Your assignment.
Begin the copy at the line containing "你瞧!這是吉安學(xué)校" in the data below and end it at the line containing "同学们在班主任的带领下分工合", keeping each line exact and leaving out pictures.

Excerpted records.
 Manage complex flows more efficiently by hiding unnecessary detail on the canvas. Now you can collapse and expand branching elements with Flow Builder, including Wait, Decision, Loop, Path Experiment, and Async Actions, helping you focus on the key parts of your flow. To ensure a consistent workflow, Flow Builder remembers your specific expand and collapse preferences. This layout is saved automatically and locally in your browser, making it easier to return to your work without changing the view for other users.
...
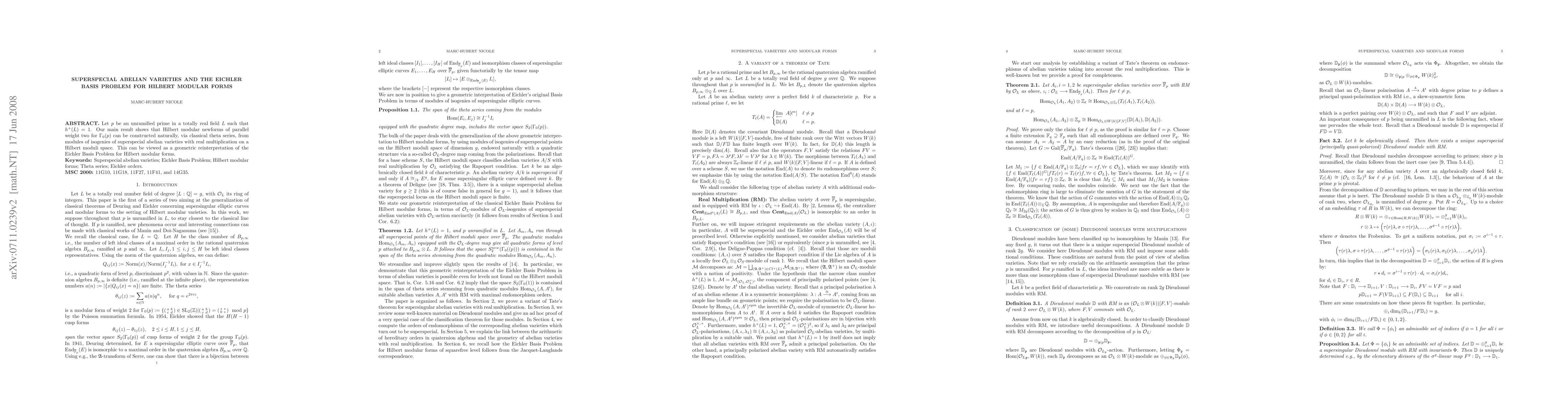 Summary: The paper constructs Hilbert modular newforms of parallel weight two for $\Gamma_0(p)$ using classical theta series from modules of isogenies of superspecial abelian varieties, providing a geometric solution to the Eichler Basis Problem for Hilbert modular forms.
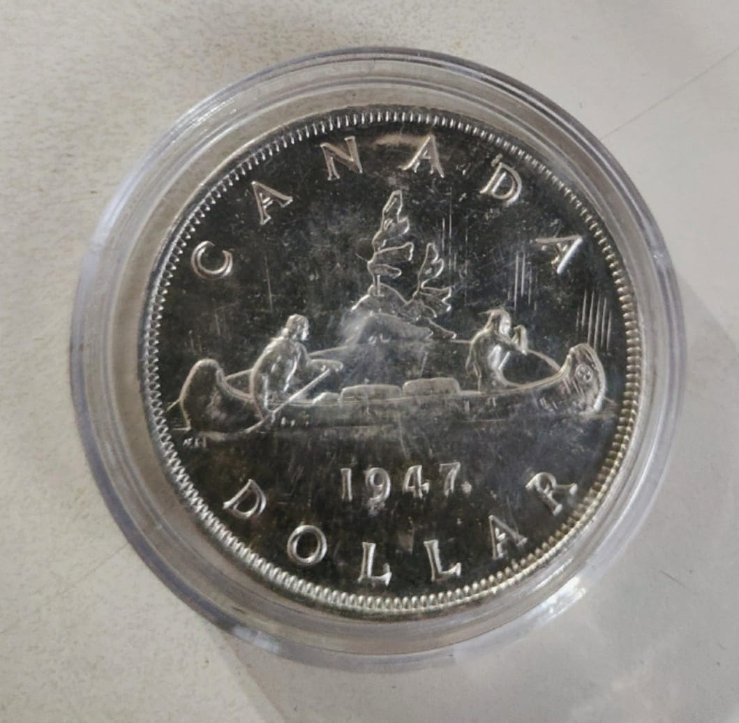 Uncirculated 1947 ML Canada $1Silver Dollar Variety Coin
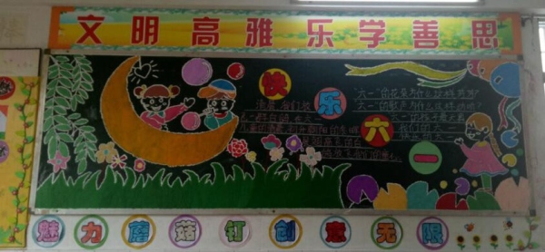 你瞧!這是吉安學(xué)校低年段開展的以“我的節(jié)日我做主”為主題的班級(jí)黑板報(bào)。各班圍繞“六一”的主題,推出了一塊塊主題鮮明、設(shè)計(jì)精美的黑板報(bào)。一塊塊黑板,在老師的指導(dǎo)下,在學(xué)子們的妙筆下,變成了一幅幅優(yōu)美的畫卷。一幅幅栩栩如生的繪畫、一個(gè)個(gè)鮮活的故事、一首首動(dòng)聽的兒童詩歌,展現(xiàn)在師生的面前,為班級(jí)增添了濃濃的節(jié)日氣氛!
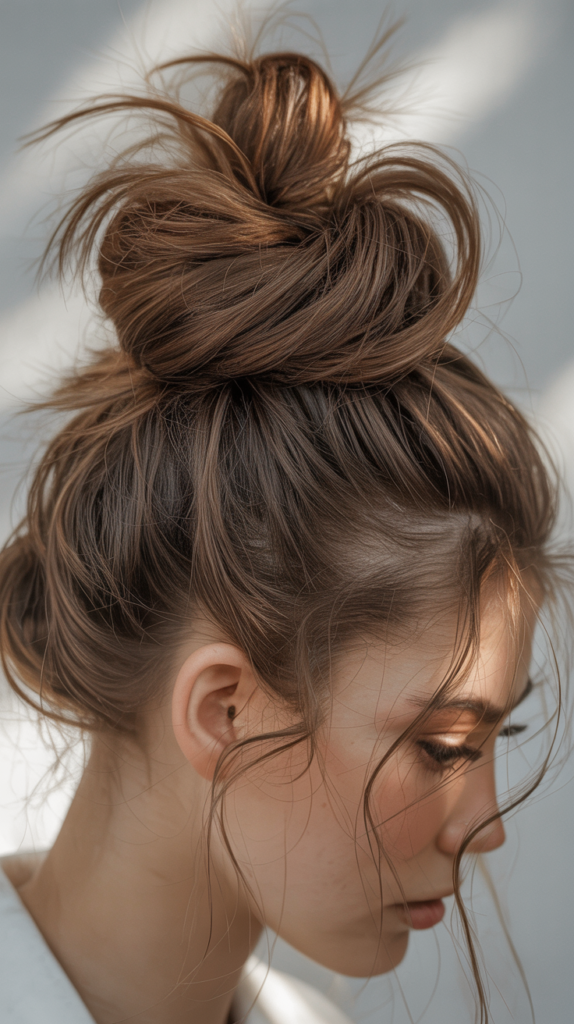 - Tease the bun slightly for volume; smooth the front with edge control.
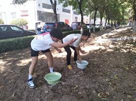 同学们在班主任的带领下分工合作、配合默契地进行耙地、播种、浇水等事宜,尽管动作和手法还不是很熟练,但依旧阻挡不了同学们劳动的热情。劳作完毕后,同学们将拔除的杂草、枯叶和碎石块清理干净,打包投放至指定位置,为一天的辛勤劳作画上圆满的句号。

Response to this exercise.
 你瞧!這是吉安學(xué)校低年段開展的以“我的節(jié)日我做主”為主題的班級(jí)黑板報(bào)。各班圍繞“六一”的主題,推出了一塊塊主題鮮明、設(shè)計(jì)精美的黑板報(bào)。一塊塊黑板,在老師的指導(dǎo)下,在學(xué)子們的妙筆下,變成了一幅幅優(yōu)美的畫卷。一幅幅栩栩如生的繪畫、一個(gè)個(gè)鮮活的故事、一首首動(dòng)聽的兒童詩歌,展現(xiàn)在師生的面前,為班級(jí)增添了濃濃的節(jié)日氣氛!
 - Tease the bun slightly for volume; smooth the front with edge control.
 同学们在班主任的带领下分工合作、配合默契地进行耙地、播种、浇水等事宜,尽管动作和手法还不是很熟练,但依旧阻挡不了同学们劳动的热情。劳作完毕后,同学们将拔除的杂草、枯叶和碎石块清理干净,打包投放至指定位置,为一天的辛勤劳作画上圆满的句号。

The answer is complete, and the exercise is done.